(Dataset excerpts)
::::::

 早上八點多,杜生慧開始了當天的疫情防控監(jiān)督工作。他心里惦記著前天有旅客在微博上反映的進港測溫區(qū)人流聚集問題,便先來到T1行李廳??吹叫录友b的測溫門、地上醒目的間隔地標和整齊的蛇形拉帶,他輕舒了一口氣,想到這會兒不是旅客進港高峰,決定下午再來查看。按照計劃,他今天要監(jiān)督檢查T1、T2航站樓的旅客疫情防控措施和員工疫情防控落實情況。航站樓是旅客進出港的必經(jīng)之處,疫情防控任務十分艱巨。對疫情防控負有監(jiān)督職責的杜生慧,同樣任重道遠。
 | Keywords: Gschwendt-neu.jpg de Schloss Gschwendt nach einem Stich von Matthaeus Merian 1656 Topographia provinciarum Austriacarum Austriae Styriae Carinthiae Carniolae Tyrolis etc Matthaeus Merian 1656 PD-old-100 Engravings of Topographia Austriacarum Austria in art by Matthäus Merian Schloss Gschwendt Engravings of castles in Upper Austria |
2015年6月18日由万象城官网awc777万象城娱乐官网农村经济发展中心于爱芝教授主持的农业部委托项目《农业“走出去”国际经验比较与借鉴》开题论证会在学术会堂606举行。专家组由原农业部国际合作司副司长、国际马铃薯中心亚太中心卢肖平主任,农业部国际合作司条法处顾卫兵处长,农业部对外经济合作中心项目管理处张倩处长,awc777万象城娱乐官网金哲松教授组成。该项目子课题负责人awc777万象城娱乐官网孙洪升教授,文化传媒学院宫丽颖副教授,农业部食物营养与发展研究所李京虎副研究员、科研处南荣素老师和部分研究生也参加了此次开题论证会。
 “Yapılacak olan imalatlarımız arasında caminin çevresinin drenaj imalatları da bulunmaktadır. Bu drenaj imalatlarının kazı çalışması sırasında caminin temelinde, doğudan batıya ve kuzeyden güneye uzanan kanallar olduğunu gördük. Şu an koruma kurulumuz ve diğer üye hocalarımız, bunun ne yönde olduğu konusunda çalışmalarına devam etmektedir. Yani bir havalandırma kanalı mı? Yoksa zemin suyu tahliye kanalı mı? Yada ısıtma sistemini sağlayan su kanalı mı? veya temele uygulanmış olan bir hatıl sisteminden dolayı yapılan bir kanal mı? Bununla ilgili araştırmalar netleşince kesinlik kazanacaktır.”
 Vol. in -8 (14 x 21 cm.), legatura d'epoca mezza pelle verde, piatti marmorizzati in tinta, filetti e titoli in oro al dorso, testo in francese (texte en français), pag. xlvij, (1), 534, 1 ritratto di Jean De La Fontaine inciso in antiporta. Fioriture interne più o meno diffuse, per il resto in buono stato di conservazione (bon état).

::::::

**What you need to do:** Please return only the lines above, starting at the line that has "Upper Austria |" and ending at the line that has "olan imalatlarımız arasında", keeping both and leaving each one unchanged.

**Exercise answer:**
 | Keywords: Gschwendt-neu.jpg de Schloss Gschwendt nach einem Stich von Matthaeus Merian 1656 Topographia provinciarum Austriacarum Austriae Styriae Carinthiae Carniolae Tyrolis etc Matthaeus Merian 1656 PD-old-100 Engravings of Topographia Austriacarum Austria in art by Matthäus Merian Schloss Gschwendt Engravings of castles in Upper Austria |
2015年6月18日由万象城官网awc777万象城娱乐官网农村经济发展中心于爱芝教授主持的农业部委托项目《农业“走出去”国际经验比较与借鉴》开题论证会在学术会堂606举行。专家组由原农业部国际合作司副司长、国际马铃薯中心亚太中心卢肖平主任,农业部国际合作司条法处顾卫兵处长,农业部对外经济合作中心项目管理处张倩处长,awc777万象城娱乐官网金哲松教授组成。该项目子课题负责人awc777万象城娱乐官网孙洪升教授,文化传媒学院宫丽颖副教授,农业部食物营养与发展研究所李京虎副研究员、科研处南荣素老师和部分研究生也参加了此次开题论证会。
 “Yapılacak olan imalatlarımız arasında caminin çevresinin drenaj imalatları da bulunmaktadır. Bu drenaj imalatlarının kazı çalışması sırasında caminin temelinde, doğudan batıya ve kuzeyden güneye uzanan kanallar olduğunu gördük. Şu an koruma kurulumuz ve diğer üye hocalarımız, bunun ne yönde olduğu konusunda çalışmalarına devam etmektedir. Yani bir havalandırma kanalı mı? Yoksa zemin suyu tahliye kanalı mı? Yada ısıtma sistemini sağlayan su kanalı mı? veya temele uygulanmış olan bir hatıl sisteminden dolayı yapılan bir kanal mı? Bununla ilgili araştırmalar netleşince kesinlik kazanacaktır.”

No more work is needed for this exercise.